Hmm, that flickering might be because of overlapping faces or objects. Basically mesh that is in the same exact spot in the 3d space.
Dude I’ve always wanted to learn to keep making planets
hope you enjoy the tutorial!
Great video! That planet is so cool. I did a project similar with a procedural star background in the same way that you did, but when I denoised the render, I found that I lost the stars in the process. Do you have a solution to this? Is it possible to denoise one part of a render but not all? Perhaps that’s overly complicated, I’m just curious
Hmm, that didn't happen for me. The stars were still there after the denoise. You could make two different render layers, and render the planet and the stars separately, and then combine them in the compositor, and only put the denoise on the planet render layer.

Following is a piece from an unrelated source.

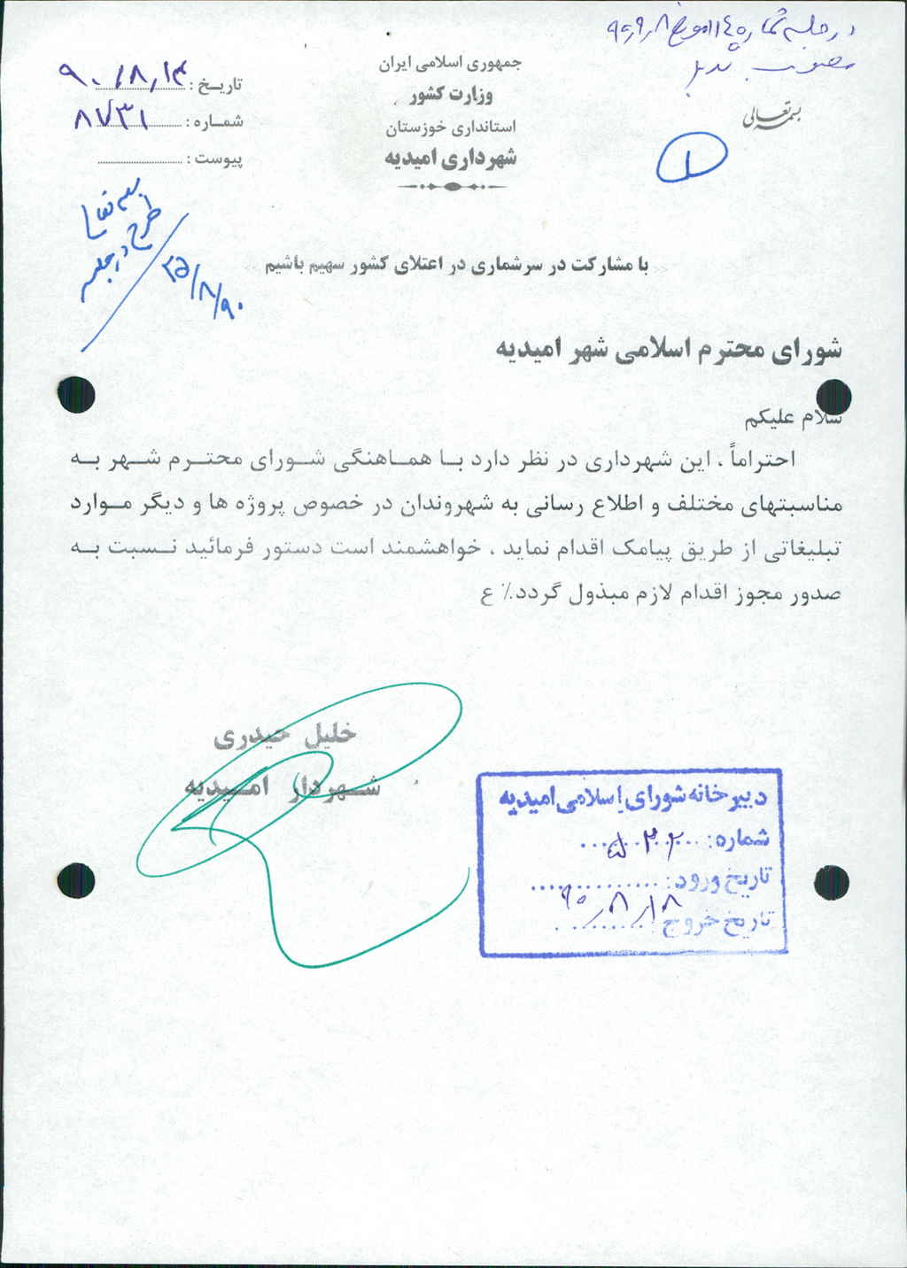 مصوبه شماره ۱ جلسه شماره ۱۱۴ مورخ ۹۰/۹/۸ شورای اسلامی شهر امیدیه

@@RyanKingArt interesting, I will give that a try! Thank you for your help and great tutorials!
there are some withe dots, probably may computer?
white dots might be noise, or fireflys in the render.
14:25 when you switch the order of the emission and bsdf nodes, does this have any other applications with different nodes? I never knew switching the order would have an effect, I just assumed it would be 50/50. Thanks again for another great tutorial, im always following along with all your videos trying to pick up something new to learn...which just happened lol
Well, the amount of each shader depends on the value of the factor. Because the factor controls how much of each shader is shown.
hi i have been learning blender from past 1 year and i am thinking of blender replacing my job....i can only switch to if and only it can generate an income more than my current salary (40,000 dollars a year ).....i am thinking of freelancing and working from home in blender....please tell me how much can i make with the help of this program
Check out Curtis Holt's video on TH-cam called: How to Make Money with Blender. its a great video!
@@RyanKingArtthanks
I really love your channel! It's really needs to have 81M subs instead of 81K subs! Can we do it?